You as a prospective stockholder should conduct your own due diligence on the securities.
UNITED KINGDOM
Terms and Conditions
Restricted Stock Units Payable Only in Shares of Stock. Notwithstanding any discretion in the Plan or the Agreement to the contrary, Restricted Stock Units granted to Grantees in the United Kingdom shall be paid in shares of Stock only and do not provide any right for you to receive a cash payment.
Taxes. This section supplements the Share Delivery; Vested Units, Tax-Related Items section of the Agreement:
If payment or withholding of the income tax due in connection with your participation in the Plan is not made within ninety (90) days of the event giving rise to the income tax liability or such other period specified in Section 222(1)(c) of the U.K. Income Tax (Earnings and Pensions) Act 2003 (the “Due Date”), the amount of any uncollected income tax will constitute a loan owed by you to the Employer, effective on the Due Date. You agree that the loan will bear interest at the then current Official Rate of Her Majesty's Revenue and Customs (“HMRC”),
it will be immediately due and repayable, and the Company or the Employer may recover it at any time thereafter by any of the means referred to in the Agreement.
Notwithstanding the foregoing, if you are a director or executive officer of the Company (within the meaning of Section 13(k) of the U.S. Securities Exchange Act of 1934, as amended), you will not be eligible for such a loan to cover the income tax. In the event that you are a director or executive officer and the income tax is not collected from or paid by you by the Due Date, the amount of any uncollected income tax will constitute a benefit to you on which additional income tax and National Insurance Contributions (“NICs”) (including the Employer NICs, as defined below) will be payable. you will be responsible for reporting and paying any income tax and NICs (including the Employer NICs, as defined below) due on this additional benefit directly to HMRC under the self assessment regime.

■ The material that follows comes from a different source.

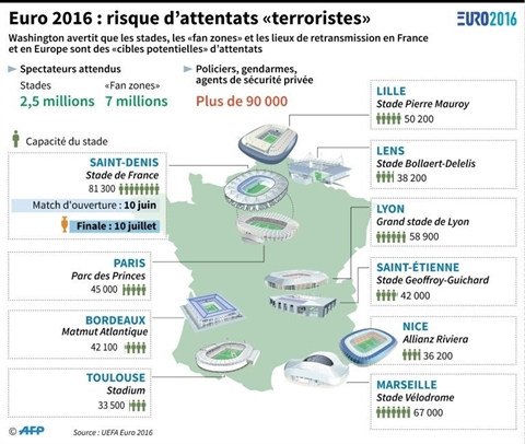 De sources policières, cinq matches du premier tour feront l'objet d'une vigilance renforcée : Angleterre - Russie (le 11 juin à Marseille), Turquie - Croatie (le 12 à Paris), Allemagne - Pologne (le 16 au Stade de France), Angleterre - Pays de Galles (le 16 à Lens) et Ukraine - Pologne (le 21 juin à Marseille).
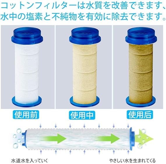 【塩素除去】 :交換フィルターに亜硫酸カルシウム/粒状活性炭を入れることができます。不純物を取り除く以外に、 水中の塩素、細菌、重金属をより効果的に除去し、より純粋で柔らかい水を作り出します。

Joint Election. As a condition of your participation in the Plan and of the vesting of the Restricted Stock Units, you agree to accept any liability for secondary Class 1 National Insurance Contributions which may be payable by the Company and/or the Employer with respect to the Chargeable Event (“Employer NICs”).
Without limitation to the foregoing, you agree to execute a joint election with the Company or the Employer, the form of such joint election being formally approved by HMRC (the “Joint Election”), and any other required consents or elections as provided to you by the Company or the Employer. You further agree to execute such other joint elections as may be required between you and any successor to the Company or the Employer.
If you do not enter into a Joint Election, or if the Joint Election is revoked at any time by HMRC, the Restricted Stock Units shall cease vesting and become null and void, and no shares of Stock shall be acquired under the Plan, without any liability to the Company, the Employer and/or any Affiliate.
You further agree that the Company and/or the Employer may collect the Employer NICs by any of the means set forth in the Share Delivery; Vested Units, Tax-Related Items section of the Agreement, as supplemented above.